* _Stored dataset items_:
◇ ◇ ◇

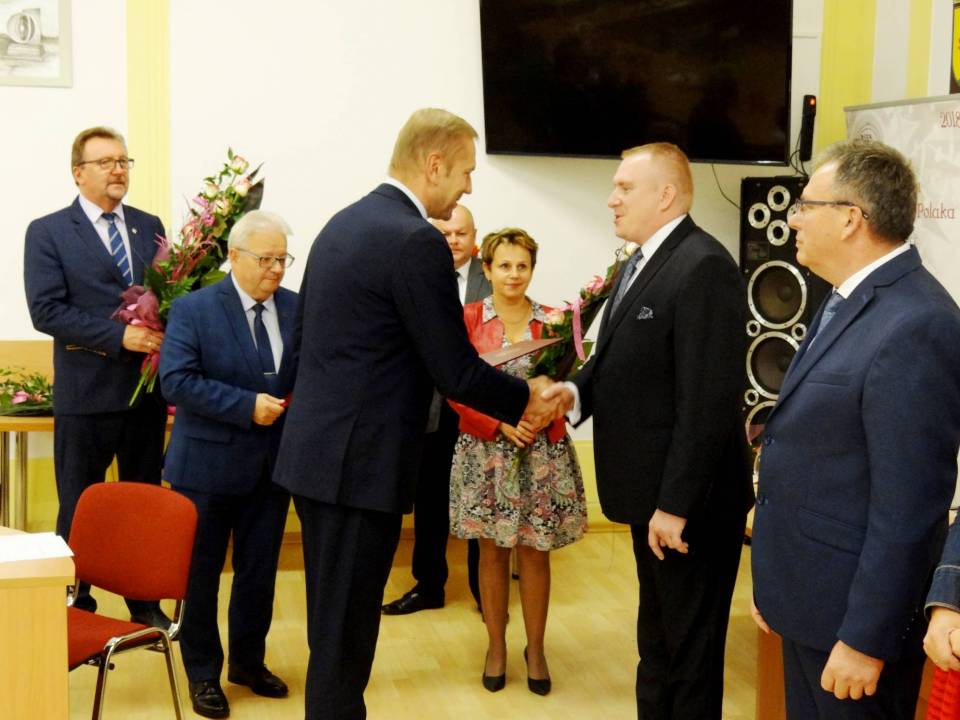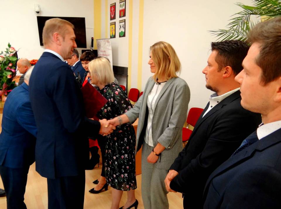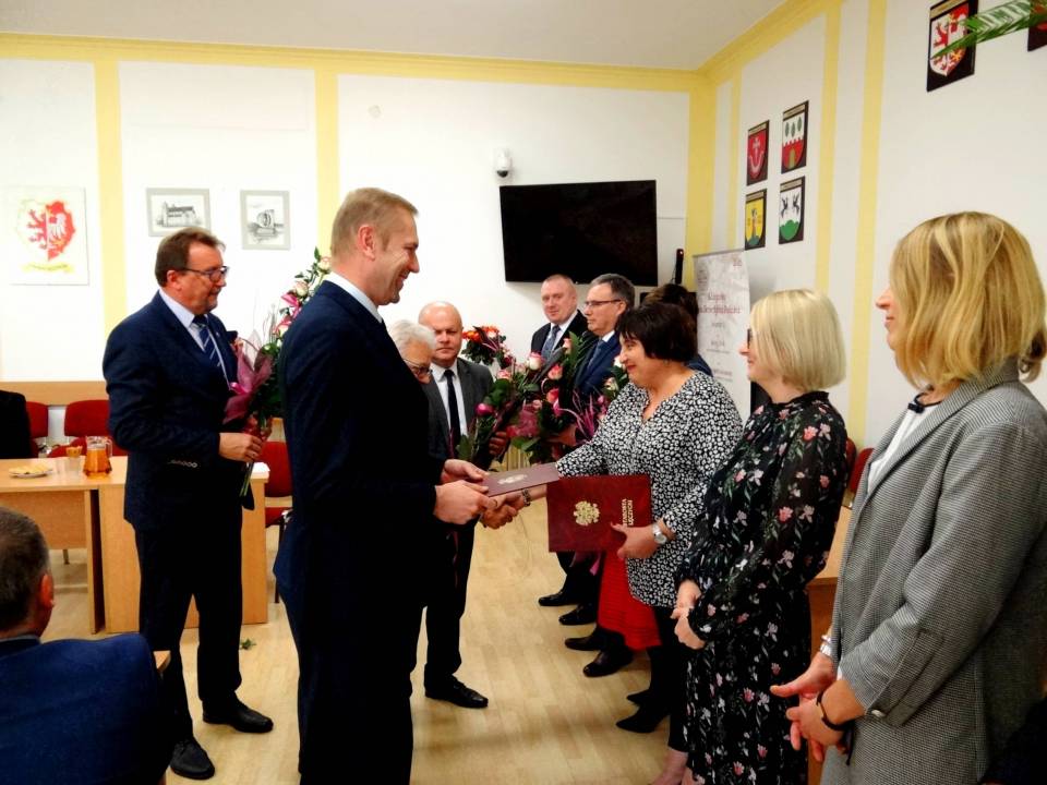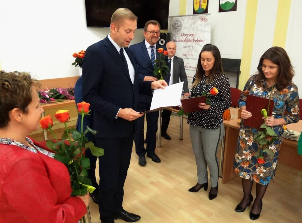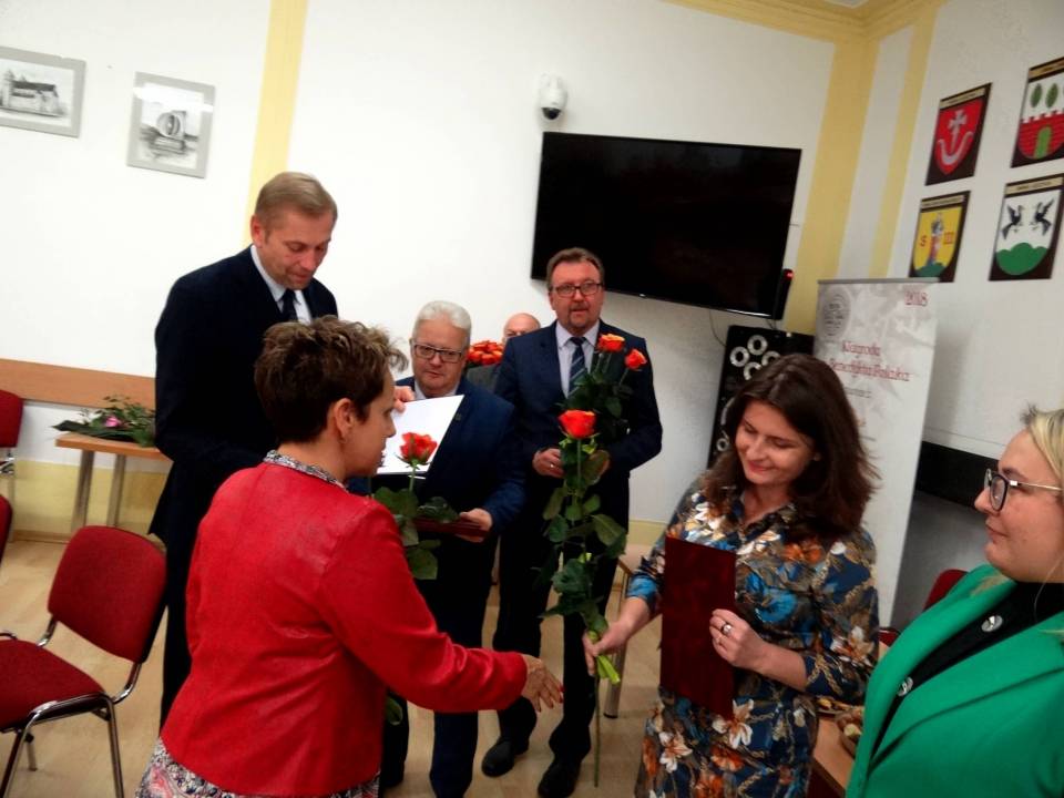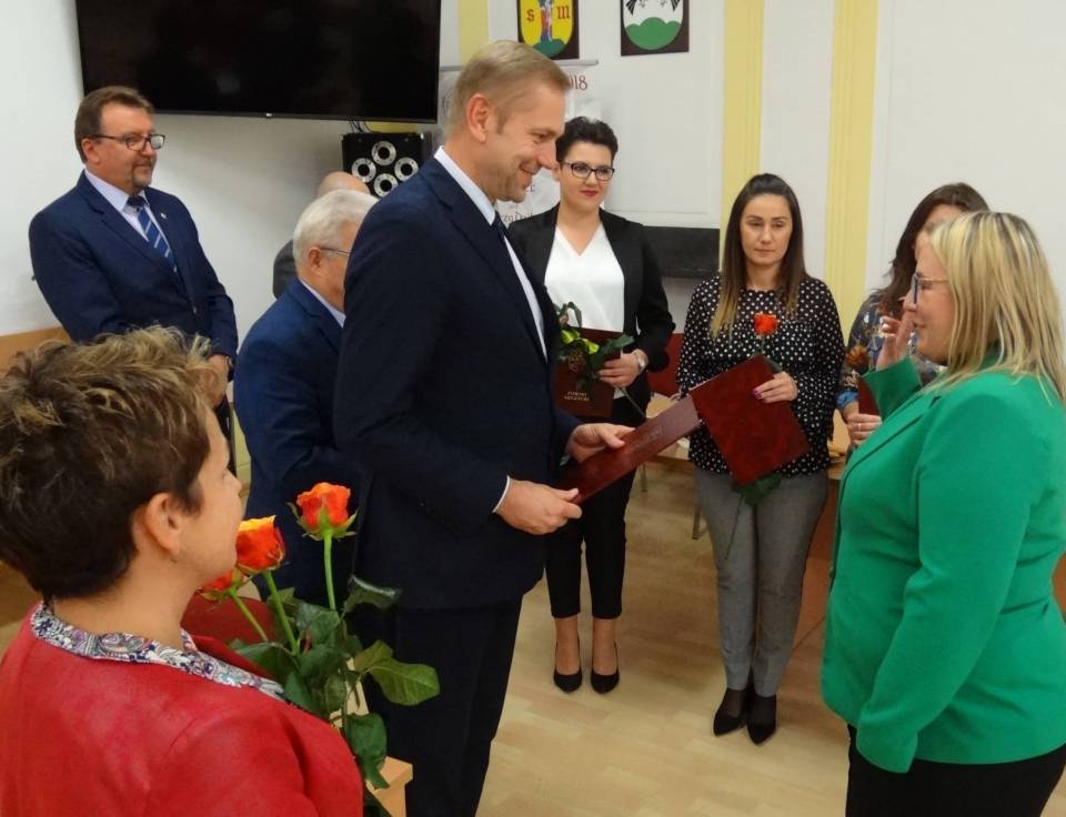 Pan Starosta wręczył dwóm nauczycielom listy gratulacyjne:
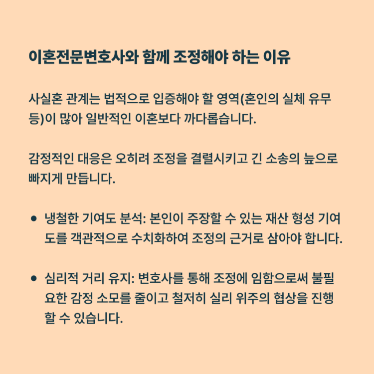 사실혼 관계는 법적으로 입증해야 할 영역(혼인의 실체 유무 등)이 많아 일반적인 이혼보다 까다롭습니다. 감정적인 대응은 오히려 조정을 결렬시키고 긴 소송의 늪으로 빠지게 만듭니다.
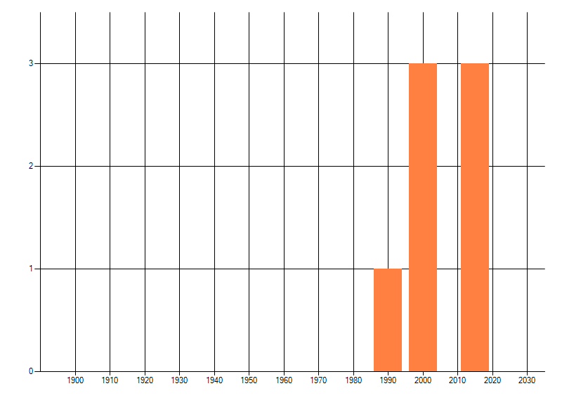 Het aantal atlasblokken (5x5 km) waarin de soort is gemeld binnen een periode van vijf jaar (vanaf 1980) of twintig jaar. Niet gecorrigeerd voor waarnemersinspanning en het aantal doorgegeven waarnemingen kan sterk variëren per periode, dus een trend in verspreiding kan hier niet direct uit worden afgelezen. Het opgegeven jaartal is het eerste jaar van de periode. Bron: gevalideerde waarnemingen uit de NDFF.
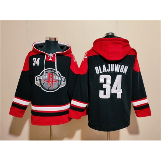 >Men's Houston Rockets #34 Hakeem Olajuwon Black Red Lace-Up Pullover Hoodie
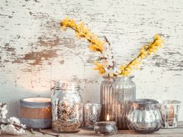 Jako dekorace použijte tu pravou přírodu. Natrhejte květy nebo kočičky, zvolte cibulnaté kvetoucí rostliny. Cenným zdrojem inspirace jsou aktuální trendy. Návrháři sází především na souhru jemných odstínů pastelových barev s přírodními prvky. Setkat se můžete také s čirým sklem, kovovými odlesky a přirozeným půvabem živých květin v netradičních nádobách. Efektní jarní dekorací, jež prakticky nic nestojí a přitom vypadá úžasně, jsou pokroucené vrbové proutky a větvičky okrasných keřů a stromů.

◇ ◇ ◇

* _What you will do_:
What you write must match, line for line, the records from the line containing "Het aantal atlasblokken" through the last line, with every picture left out.

* _Reply to the task_:
 Het aantal atlasblokken (5x5 km) waarin de soort is gemeld binnen een periode van vijf jaar (vanaf 1980) of twintig jaar. Niet gecorrigeerd voor waarnemersinspanning en het aantal doorgegeven waarnemingen kan sterk variëren per periode, dus een trend in verspreiding kan hier niet direct uit worden afgelezen. Het opgegeven jaartal is het eerste jaar van de periode. Bron: gevalideerde waarnemingen uit de NDFF.
 >Men's Houston Rockets #34 Hakeem Olajuwon Black Red Lace-Up Pullover Hoodie
 Jako dekorace použijte tu pravou přírodu. Natrhejte květy nebo kočičky, zvolte cibulnaté kvetoucí rostliny. Cenným zdrojem inspirace jsou aktuální trendy. Návrháři sází především na souhru jemných odstínů pastelových barev s přírodními prvky. Setkat se můžete také s čirým sklem, kovovými odlesky a přirozeným půvabem živých květin v netradičních nádobách. Efektní jarní dekorací, jež prakticky nic nestojí a přitom vypadá úžasně, jsou pokroucené vrbové proutky a větvičky okrasných keřů a stromů.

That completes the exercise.